Exercise brief
Verbatim copy without images: return all of the data as it stands.

Data for analysis
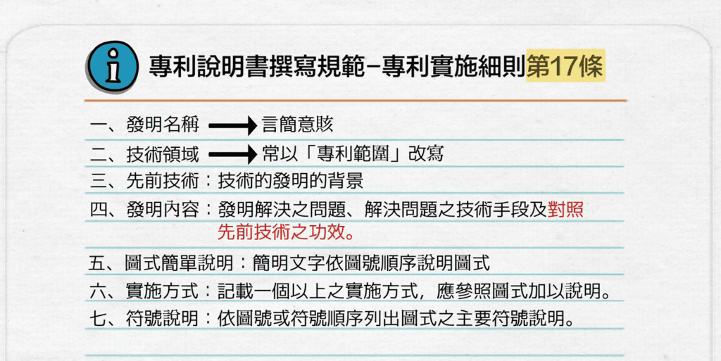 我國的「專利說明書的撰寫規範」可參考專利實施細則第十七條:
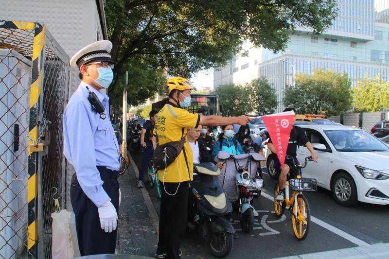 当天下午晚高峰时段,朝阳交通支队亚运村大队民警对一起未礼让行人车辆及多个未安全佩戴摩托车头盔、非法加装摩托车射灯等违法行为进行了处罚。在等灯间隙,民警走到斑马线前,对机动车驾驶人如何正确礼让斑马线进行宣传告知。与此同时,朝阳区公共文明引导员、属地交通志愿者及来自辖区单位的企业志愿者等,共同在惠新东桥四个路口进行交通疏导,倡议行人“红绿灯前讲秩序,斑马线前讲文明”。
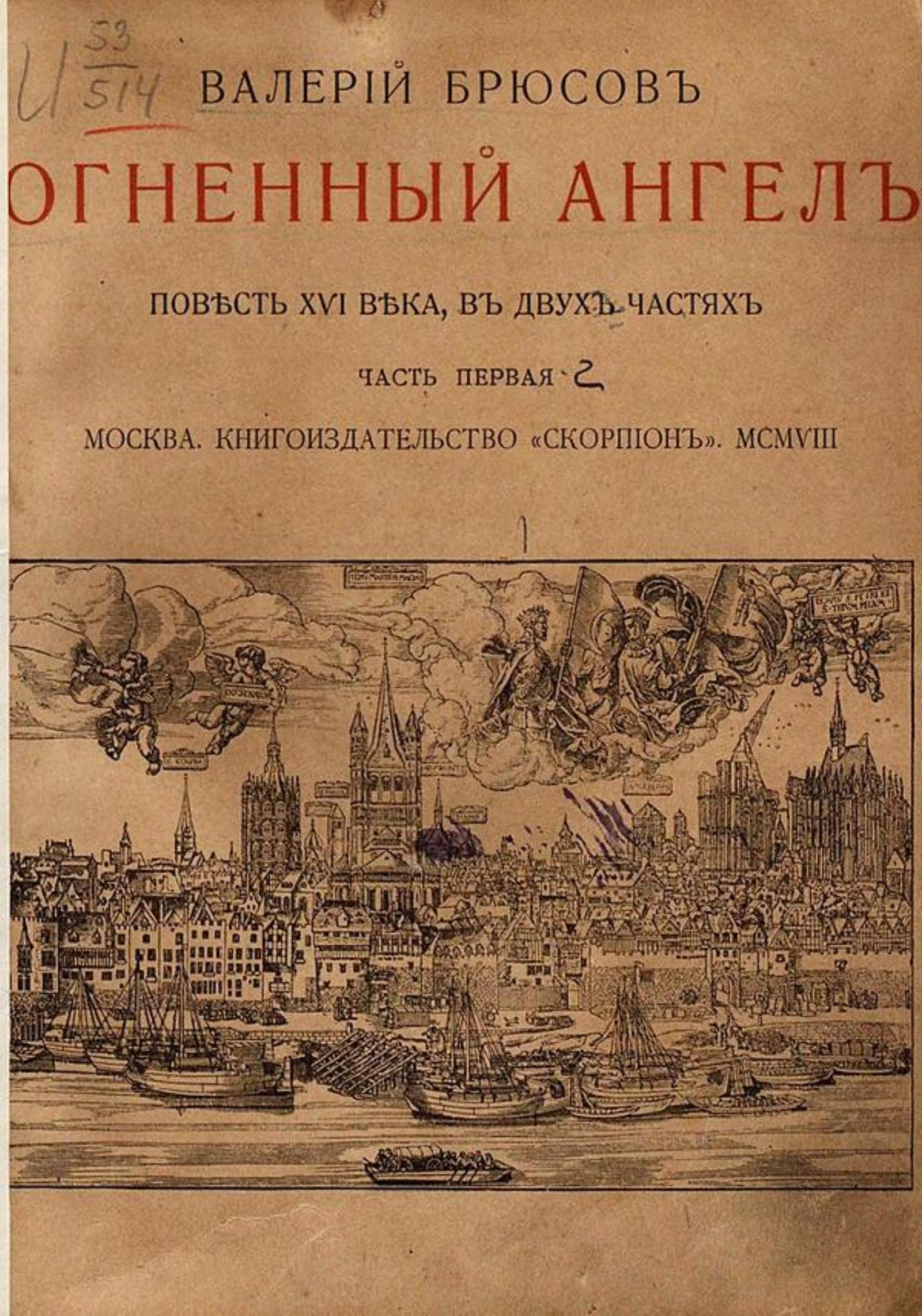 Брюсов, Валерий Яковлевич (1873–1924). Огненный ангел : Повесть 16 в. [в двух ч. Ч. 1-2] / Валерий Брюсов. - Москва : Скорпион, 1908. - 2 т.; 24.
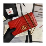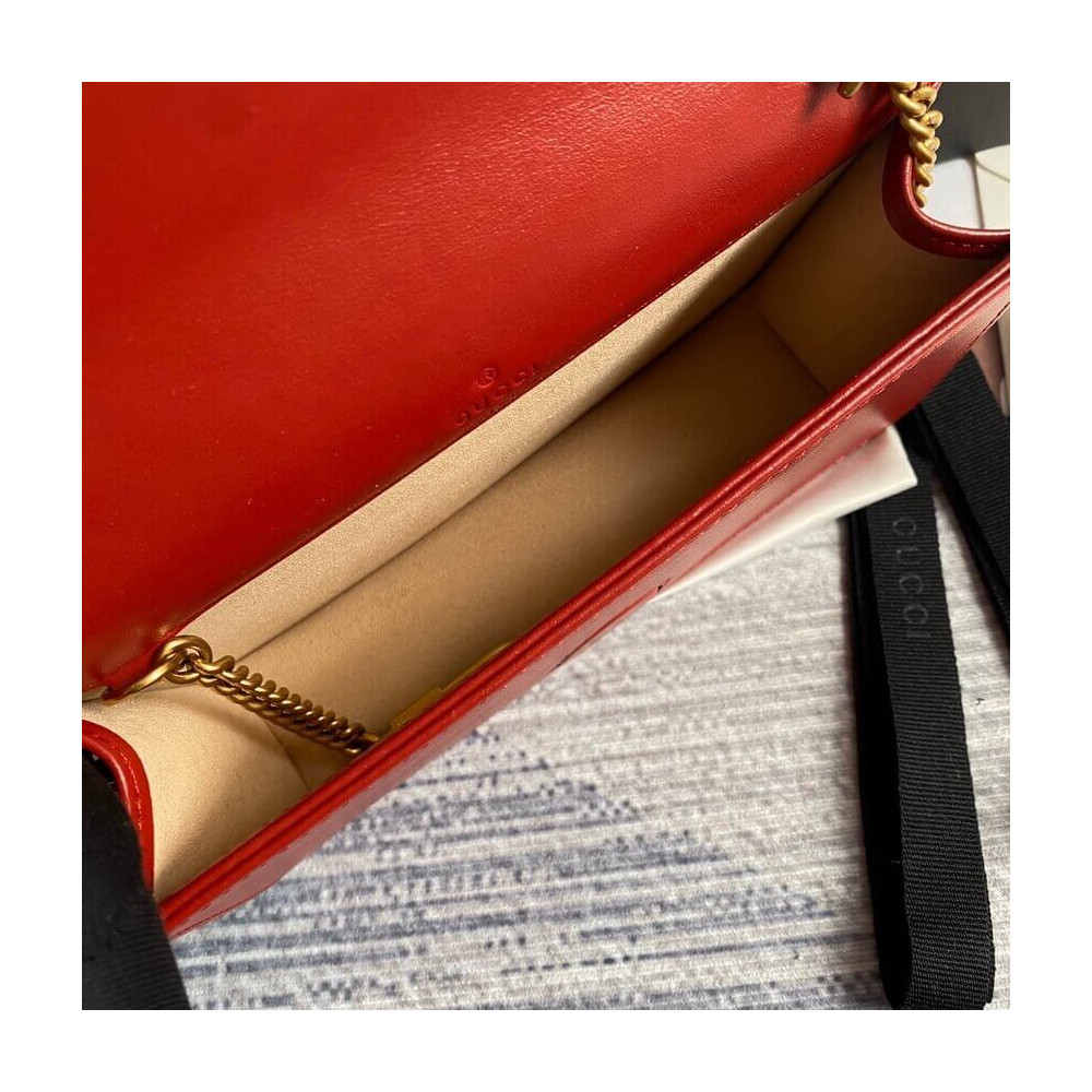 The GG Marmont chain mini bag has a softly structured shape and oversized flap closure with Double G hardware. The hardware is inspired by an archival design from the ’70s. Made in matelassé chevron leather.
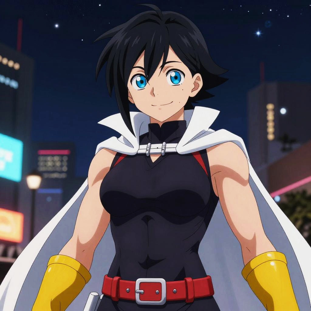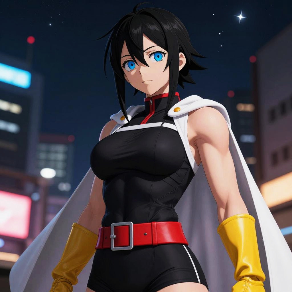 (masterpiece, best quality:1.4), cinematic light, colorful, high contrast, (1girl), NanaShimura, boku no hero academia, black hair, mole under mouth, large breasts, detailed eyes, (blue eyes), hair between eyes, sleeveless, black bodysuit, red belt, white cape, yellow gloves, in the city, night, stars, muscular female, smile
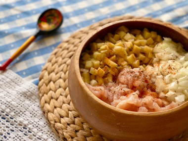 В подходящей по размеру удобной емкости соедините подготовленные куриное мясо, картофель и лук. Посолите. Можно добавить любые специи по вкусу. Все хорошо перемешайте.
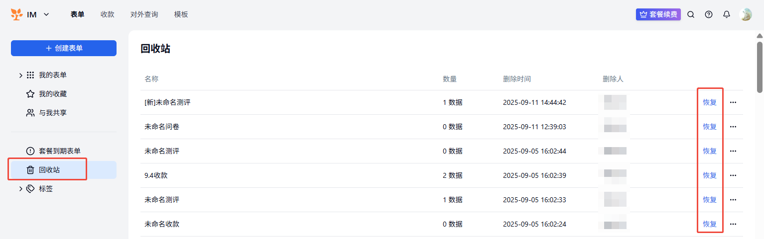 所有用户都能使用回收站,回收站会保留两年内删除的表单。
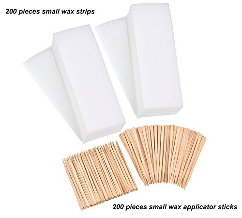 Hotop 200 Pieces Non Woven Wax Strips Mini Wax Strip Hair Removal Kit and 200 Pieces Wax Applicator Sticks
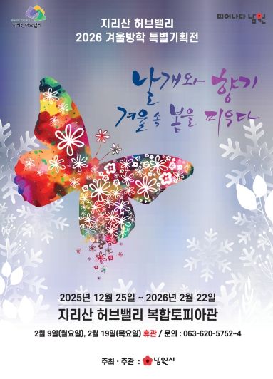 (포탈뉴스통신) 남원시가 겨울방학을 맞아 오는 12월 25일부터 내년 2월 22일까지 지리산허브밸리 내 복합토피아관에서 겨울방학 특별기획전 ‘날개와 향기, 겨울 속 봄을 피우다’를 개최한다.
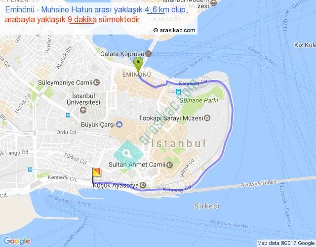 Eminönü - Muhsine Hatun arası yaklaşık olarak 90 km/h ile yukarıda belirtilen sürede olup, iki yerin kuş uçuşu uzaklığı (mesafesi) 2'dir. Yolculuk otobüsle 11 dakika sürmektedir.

Exercise solution
 我國的「專利說明書的撰寫規範」可參考專利實施細則第十七條:
 当天下午晚高峰时段,朝阳交通支队亚运村大队民警对一起未礼让行人车辆及多个未安全佩戴摩托车头盔、非法加装摩托车射灯等违法行为进行了处罚。在等灯间隙,民警走到斑马线前,对机动车驾驶人如何正确礼让斑马线进行宣传告知。与此同时,朝阳区公共文明引导员、属地交通志愿者及来自辖区单位的企业志愿者等,共同在惠新东桥四个路口进行交通疏导,倡议行人“红绿灯前讲秩序,斑马线前讲文明”。
 Брюсов, Валерий Яковлевич (1873–1924). Огненный ангел : Повесть 16 в. [в двух ч. Ч. 1-2] / Валерий Брюсов. - Москва : Скорпион, 1908. - 2 т.; 24.
 The GG Marmont chain mini bag has a softly structured shape and oversized flap closure with Double G hardware. The hardware is inspired by an archival design from the ’70s. Made in matelassé chevron leather.
 (masterpiece, best quality:1.4), cinematic light, colorful, high contrast, (1girl), NanaShimura, boku no hero academia, black hair, mole under mouth, large breasts, detailed eyes, (blue eyes), hair between eyes, sleeveless, black bodysuit, red belt, white cape, yellow gloves, in the city, night, stars, muscular female, smile
 В подходящей по размеру удобной емкости соедините подготовленные куриное мясо, картофель и лук. Посолите. Можно добавить любые специи по вкусу. Все хорошо перемешайте.
 所有用户都能使用回收站,回收站会保留两年内删除的表单。
 Hotop 200 Pieces Non Woven Wax Strips Mini Wax Strip Hair Removal Kit and 200 Pieces Wax Applicator Sticks
 (포탈뉴스통신) 남원시가 겨울방학을 맞아 오는 12월 25일부터 내년 2월 22일까지 지리산허브밸리 내 복합토피아관에서 겨울방학 특별기획전 ‘날개와 향기, 겨울 속 봄을 피우다’를 개최한다.
 Eminönü - Muhsine Hatun arası yaklaşık olarak 90 km/h ile yukarıda belirtilen sürede olup, iki yerin kuş uçuşu uzaklığı (mesafesi) 2'dir. Yolculuk otobüsle 11 dakika sürmektedir.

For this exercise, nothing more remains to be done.